Here, Ball Corp. contends that a new trial is warranted under Rule 59(a) on the ground that the jury, in finding Ball Corp. 100% liable and Goldco 0% liable, returned a verdict that was both inconsistent and against the clear weight of the evidence. Specifically, Ball Corp. maintains that the evidence was "overwhelming" that Goldco's palletizer was defective, as "[i]t lacked a fail-safe anti-drop device, despite the fact that such devices have been commonly installed by manufacturers for decades." (Ball Corp. memorandum at 1). Furthermore, Ball Corp. argues that the evidence at trial revealed that while "Goldco created the danger," it failed to "tell Ball about it"; consequently, "Ball had no knowledge of any need for training to avoid the hazard which was unknown to it." (Id). Because the clear weight of the evidence indicates that Goldco created and hid the hazard, the argument goes, the jury's verdict was inconsistent insofar as it found Ball Corp. 100% liable and Goldco 0% liable.

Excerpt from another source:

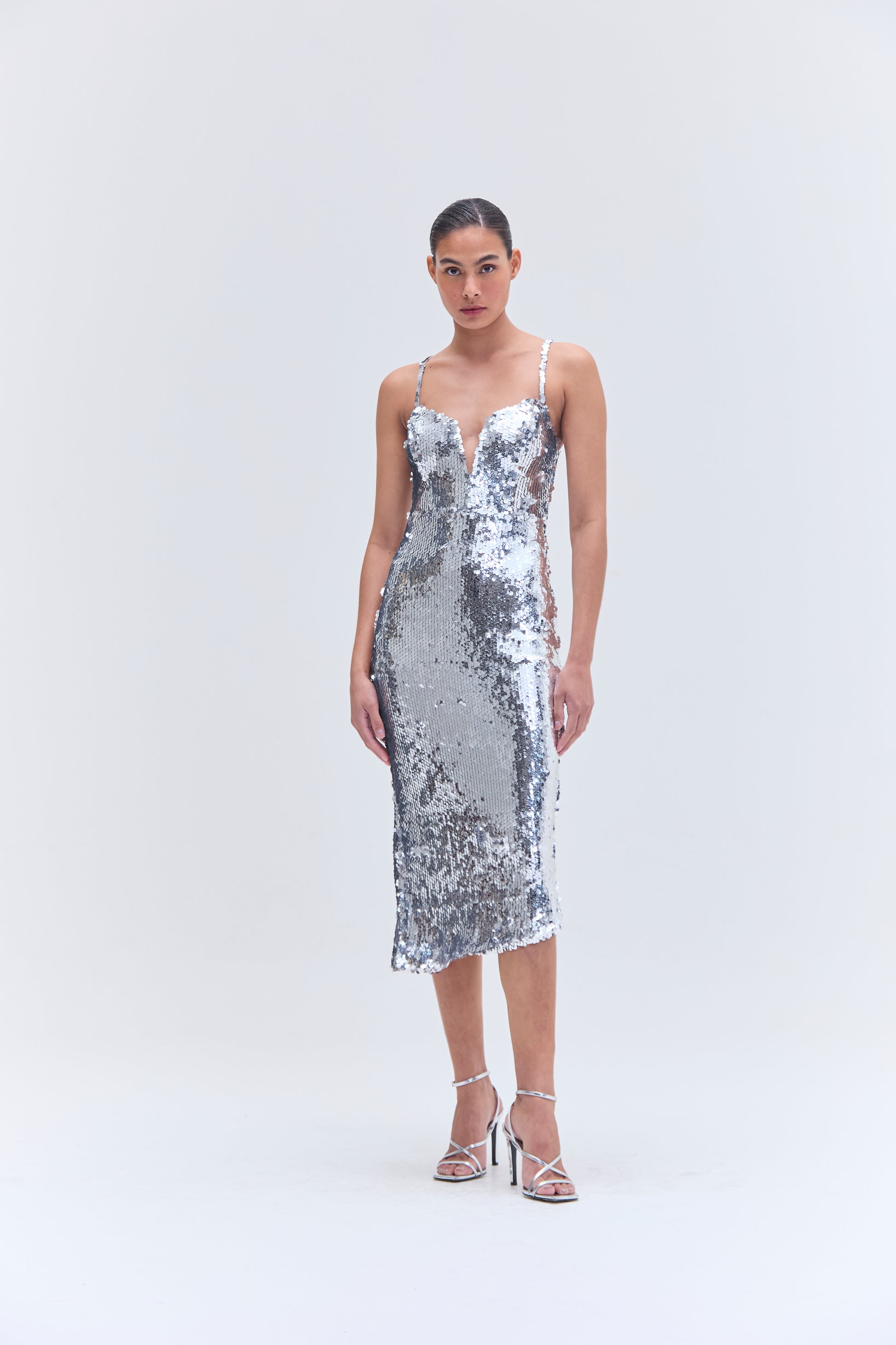 Midi dress crafted in sequins, featuring internal boning for structure and a V-shaped underwire at the neckline. Designed with thin adjustable straps, a back slit at the hem, an invisible center-back zipper, and a full inner lining.

Goldco counters by adverting to the fact that the April 9, 2002 stipulation expressly provides that "[t]he percentage of responsibility determined by the jury in the trial shall be binding upon the Defendant GOLDCO iNDUSTRIES, INC., and upon the Third-Party Defendant BALL CORPORATION; GOLDCO and BALL CORPORATION agree not to appeal the jury's apportionment to any other Court." (Goldco affirmation Ex. A, ¶ 4). However, Goldco maintains that, regardless of Ball Corp.'s agreement not to upset the jury's finding, a new trial is not warranted in this case because the jury did not reach a "seriously erroneous" result and the verdict was not inconsistent. More precisely, Goldco points to the fact that Ball Corp. never in fact called a warnings expert at trial; that one of Ball Corp.'s own mechanics took the drive chain off the sprocket that served to keep the lift elevated; that the OSHA report concluded that Ball Corp. had provided an inadequate training program for the palletizer and had failed to provide its employees with sufficient lockout devices for the palletizer; and that Ball Corp.'s own expert, Henry Krebs ("Krebs"), testified that Ball Corp. continues to use palletizers to this day without an anti-drop device — the "cause" of the accident in Ball Corp.'s estimation. (11. at ¶¶ 15-17, 19). Goldco asserts that in light of this evidence, the jury's finding was neither inconsistent nor constituted a seriously erroneous result.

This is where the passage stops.